The emphasis on each word that would be displayed in the social profile diagram was determined depending on the word’s occurrence frequency. The stronger the interest was, the larger the word’s font size was made, so that the level of interest reflected on words could be understood at first sight. Words were used for creating profile diagrams because many sentences contained in tweets on Twitter might include ungrammatical sentences; therefore, we considered that the user’s characteristics would be accurately obtained on a word basis. Figure 4 shows a description of each field. Figure 5 shows a sample of profile diagram created.

Fig. 4.
figure 4

A template of the social profile diagram with the layered fields that show attributes

Fig. 5.
figure 5

An example of the social profile diagram using “Sasajima” data

5 Experiments and Results

We verified whether a group of words displayed in the social profile diagram would indicate information of users’ interest and information of their attributes or not.
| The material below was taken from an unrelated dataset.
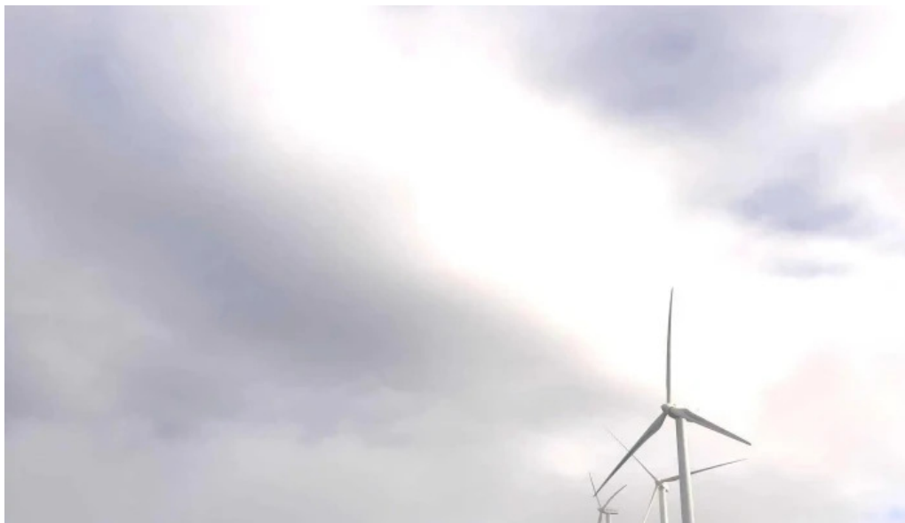
Ermita san kristobal instagram

The subjects were 10 students who have their own Twitter accounts. Targeting the subjects, we conducted a questionnaire survey on their own social profile diagrams. The evaluation was done on a five-point scale. The outline of the questions is described below.
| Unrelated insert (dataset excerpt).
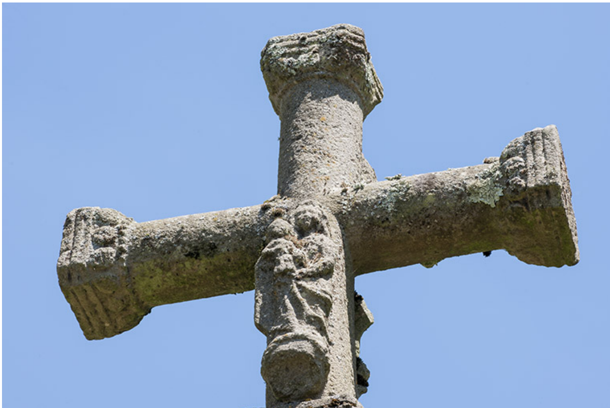
Partie sommitale de la croix, représentation de la Vierge à l'Enfant 70, Chaux-lès-Port
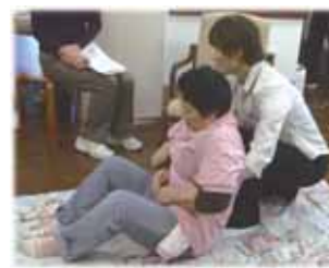
実践に即した研修の実施

  • Does your social profile diagram indicate information of your interest and attributes properly?

  • Can your social profile diagram serve as an effective information visualization when talking with others?

  • Did you feel that this social profile diagram was easy to understand with its interface and the number and size of words?
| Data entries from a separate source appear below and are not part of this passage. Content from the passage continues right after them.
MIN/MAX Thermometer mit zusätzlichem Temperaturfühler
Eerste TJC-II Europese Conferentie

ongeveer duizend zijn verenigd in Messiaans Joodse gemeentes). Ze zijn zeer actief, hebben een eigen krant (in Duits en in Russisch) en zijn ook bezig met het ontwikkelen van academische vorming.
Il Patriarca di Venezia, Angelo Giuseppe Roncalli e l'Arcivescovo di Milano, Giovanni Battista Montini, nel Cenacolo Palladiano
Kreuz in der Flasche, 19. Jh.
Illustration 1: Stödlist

The group of words that the subjects evaluated most highly was the one in Field 2. In order of Field 2, Field 1, and Field 3, the groups of words got high points. The words in Field 2 were more highly evaluated than the words in Field 1 which were derived from the profile of the user. This was because information displayed on Field 1 could contain significant bias because the user can edit the profile itself and the users vary between those who edits their profile information precisely and those who do not. On the other hand, Field 2 scored high on average without varying much. This is because the words in this field less varied because the characteristic words were extracted from many tweets related to the user and were smoothed in a sense. It was confirmed that those users who gave low points to Field 1 tended to give high points to Field 3. We can say that either of Field 1, Field 2, or Field 3 actually contains information of the user’s interests and tastes properly. Additionally, the subjects tended to answer that this information would be effective for conducting IC when meeting with their conversation partners for the first time. This actually confirmed the effectiveness of this information.

6 Conclusion and Future Issues

Targeting university students, in this study, we proposed a communication support method with the aim to activate communication in the real world. Specifically, we created the social profile diagram that visualizes profile information of the user, those who the user follows, and his/her followers. In the future, we are going to implement a system including this proposed method and verify the effectiveness of this method. We are also going to classify those tweets related to interests and tastes collected as information of users’ interest into topics so as to utilize such information for proposing topics when communication is developed.